January 19, 2011  • Education Innovation Forum and Expo

The College Board’s AP Innovation Initiative is an exceptional approach to supporting the educational success of high-need students by enabling states, districts, and schools to supply these students with Advanced Placement® (AP) teachers trained to help the diversifying U.S. student population succeed in rigorous AP coursework. AP Innovation will produce measureable, significant increases in the rates at which high-need students succeed on AP exams, earning scores which research demonstrates are closely linked to improvements in college outcomes for students of all races, ethnicities and income levels. In order to address persistent achievement gaps in AP success rates, AP Innovation will increase AP teacher quality through an innovative system of formative and interim assessments that provides teachers more frequent feedback on student learning, enabling teachers to tailor classroom instruction to their unique student populations; and technology-delivered professional development and online communities targeting the most challenging areas of content, pedagogy and differentiated instruction.

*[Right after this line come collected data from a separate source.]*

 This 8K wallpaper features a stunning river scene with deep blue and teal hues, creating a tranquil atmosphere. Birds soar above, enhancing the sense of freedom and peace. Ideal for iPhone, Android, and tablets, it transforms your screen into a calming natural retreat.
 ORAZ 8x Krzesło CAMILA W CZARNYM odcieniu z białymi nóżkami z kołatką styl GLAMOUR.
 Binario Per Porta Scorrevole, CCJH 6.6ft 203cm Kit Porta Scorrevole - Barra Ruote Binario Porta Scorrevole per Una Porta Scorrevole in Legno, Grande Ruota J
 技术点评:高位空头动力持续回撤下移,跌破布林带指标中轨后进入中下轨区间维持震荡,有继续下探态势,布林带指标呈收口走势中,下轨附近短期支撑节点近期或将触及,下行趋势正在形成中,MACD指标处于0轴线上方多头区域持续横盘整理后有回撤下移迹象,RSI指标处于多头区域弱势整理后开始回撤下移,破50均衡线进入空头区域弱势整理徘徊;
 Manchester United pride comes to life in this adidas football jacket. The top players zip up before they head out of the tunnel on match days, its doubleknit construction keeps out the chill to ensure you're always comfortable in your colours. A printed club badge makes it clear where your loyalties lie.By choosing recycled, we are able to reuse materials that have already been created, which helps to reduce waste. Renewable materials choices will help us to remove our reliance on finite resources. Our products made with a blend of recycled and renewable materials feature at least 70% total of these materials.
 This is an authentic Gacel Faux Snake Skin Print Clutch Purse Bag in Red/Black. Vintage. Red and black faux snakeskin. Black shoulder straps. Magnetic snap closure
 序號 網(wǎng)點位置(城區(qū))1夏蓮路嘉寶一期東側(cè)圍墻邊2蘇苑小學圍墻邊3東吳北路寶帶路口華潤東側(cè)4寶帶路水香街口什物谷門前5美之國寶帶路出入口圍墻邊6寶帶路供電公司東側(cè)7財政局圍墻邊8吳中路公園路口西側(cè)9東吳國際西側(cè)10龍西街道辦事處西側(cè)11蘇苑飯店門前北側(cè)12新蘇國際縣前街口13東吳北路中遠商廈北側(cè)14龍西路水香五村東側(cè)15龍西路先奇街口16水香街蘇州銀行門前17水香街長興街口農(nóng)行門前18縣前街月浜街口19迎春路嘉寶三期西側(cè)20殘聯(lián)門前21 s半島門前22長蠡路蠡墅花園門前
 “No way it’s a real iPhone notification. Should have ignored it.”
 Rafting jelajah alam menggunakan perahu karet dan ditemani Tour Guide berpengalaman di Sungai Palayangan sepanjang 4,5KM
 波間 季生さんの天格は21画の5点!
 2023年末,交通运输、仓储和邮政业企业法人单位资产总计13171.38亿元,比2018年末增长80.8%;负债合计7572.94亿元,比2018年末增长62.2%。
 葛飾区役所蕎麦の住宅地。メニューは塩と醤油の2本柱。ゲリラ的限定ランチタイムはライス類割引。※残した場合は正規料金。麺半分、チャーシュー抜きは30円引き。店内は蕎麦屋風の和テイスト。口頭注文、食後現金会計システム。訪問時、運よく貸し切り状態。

The College Board will pilot the AP Innovation system in three districts: Hillsborough County Public Schools (Tampa, FL); Northside Independent School District (San Antonio, TX); and the North East Florida Educational Consortium (NEFEC) and in three subjects: AP Biology, AP Calculus AB, and AP U.S. History. Through its partner school districts, the AP Innovation pilots will serve an estimated 36,780 unique students. Building on the early outcomes of the pilot, the College Board will begin a parallel implementation of AP Innovation nationwide and will reach 186,000 unique students in three additional academic subjects by 2015.